A candidata do PSTU à prefeitura de Recife, Simone Fontana, promete romper todos os contratos de parceria público-privada (PPP) vigentes no município, acabar com as privatizações e enfrentar os mais ricos que, segundo ela, estão lucrando com os problemas da cidade.
Professora da rede pública de Recife, Simone Fontana já concorreu aos cargos de vereadora, prefeita, deputada federal e senadora, mas não foi eleita. Entrevistada pela reportagem da Gazeta do Povo, a candidata defende a legalização do aborto e a educação sexual e de gênero nas escolas.
Todos os candidatos à prefeitura de Recife foram convidados pela reportagem da Gazeta do Povo para entrevista.

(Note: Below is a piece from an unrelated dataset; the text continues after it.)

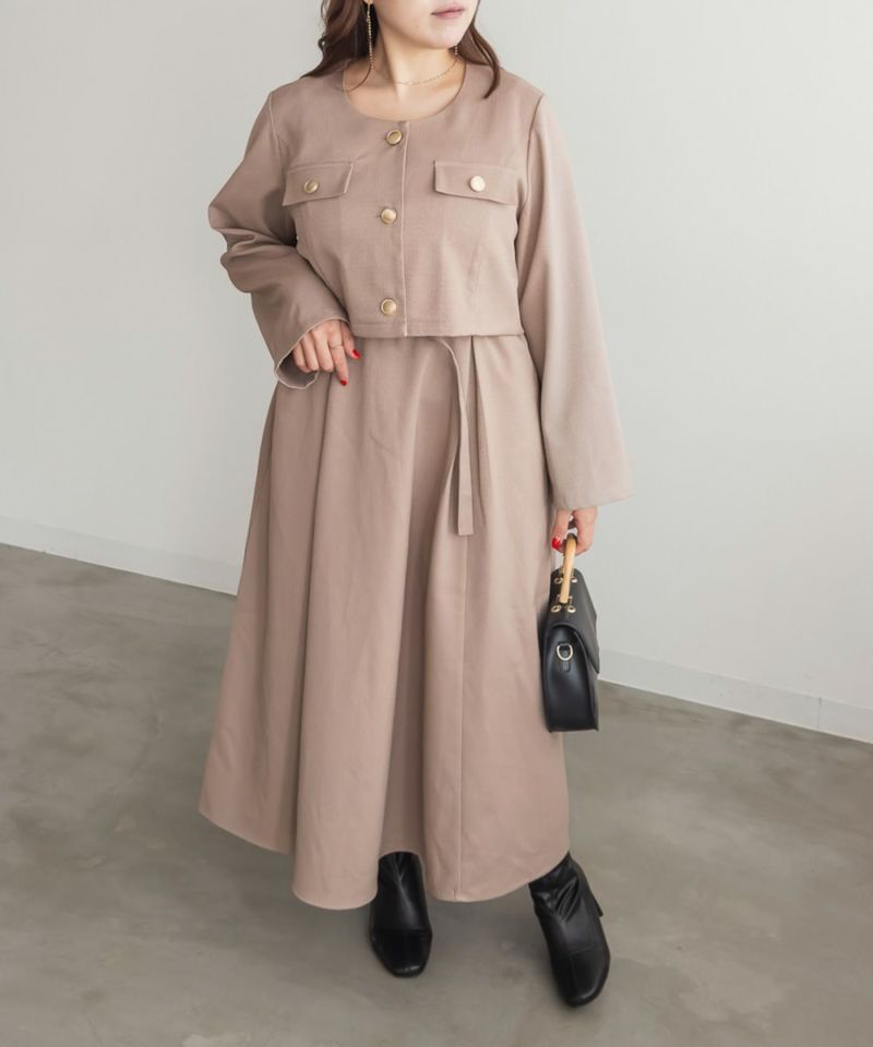 3Lを着て丁度いいサイズでした!キャミワンピは後ろゴムがあったので窮屈感無く着られて、心配な方はジャケットのサイズ確認をするのがお勧めです◎キャミワンピと短丈ジャケットのセットで着ると足が長くスタイルアップして見えました!ジャケットだけ、ワンピースだけでも着回しできるから1セットで色々なスタイルを楽しめます。コーデいらずで可愛く決まるアイテムなので秋冬にたくさん着回ししたいです!

Leia a entrevista com a candidata Simone Fontana
Por que a senhora decidiu se candidatar para a prefeitura de Recife?
A prefeitura apresenta o Recife que não existe na vida real, gastou mais de R$ 70 milhões em propaganda e muitas obras de fachada, o que fez com que ele [o prefeito João Campos] tivesse uma grande aprovação. Mas o Recife da vida real é uma nas cidades mais desiguais do Brasil e tem problemas crônicos na saúde e no saneamento, sofre com desemprego, problemas de fome e de miséria, enquanto existem poucos bilionários usufruindo da riqueza.

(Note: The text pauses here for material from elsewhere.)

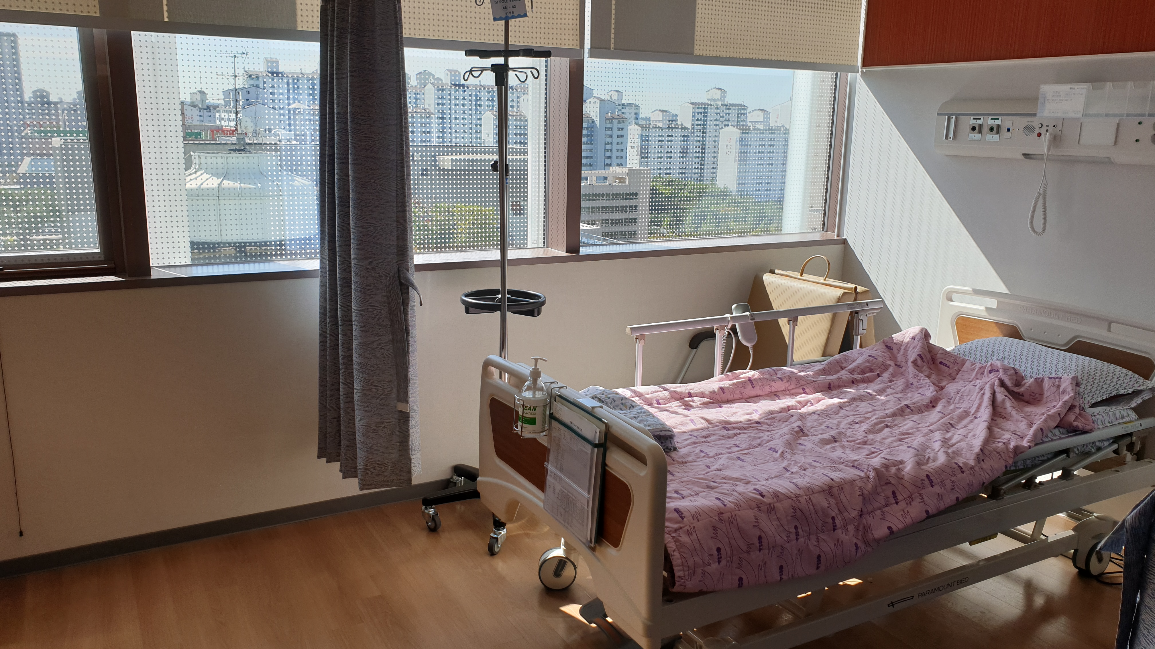 환자 침대 옆 창가쪽에 보호자용 의자 겸 간이침대가 보입니다. 그런데 모든 병상에 적용되는건 아닙니다. 개수가 정해져있어서 모두가 쓸수는 없다고 하네요.

Então, nossa candidatura é para colocar em xeque isso e, embora haja candidaturas de oposição, principalmente oposição de direita, que está mais bem colocada nas pesquisas, elas não apresentam alternativas aos problemas estruturais que a cidade vive. Minha candidatura está a serviço da população, da classe trabalhadora, e para apresentar uma transformação social que a gente precisa não só no Recife, mas no Brasil e no mundo.
A prefeitura apresenta o Recife que não existe na vida real e as candidaturas de oposição da direita não apresentam alternativas aos problemas estruturais da cidade.
Simone Fontana, candidata do PSTU à prefeitura de Recife
A senhora mencionou a questão da desigualdade. Um estudo do Instituto Cidades Sustentáveis (ICS) mostrou Recife em segundo lugar no Mapa da Desigualdade entre as capitais brasileiras. Quais as propostas da senhora pra enfrentar esse problema?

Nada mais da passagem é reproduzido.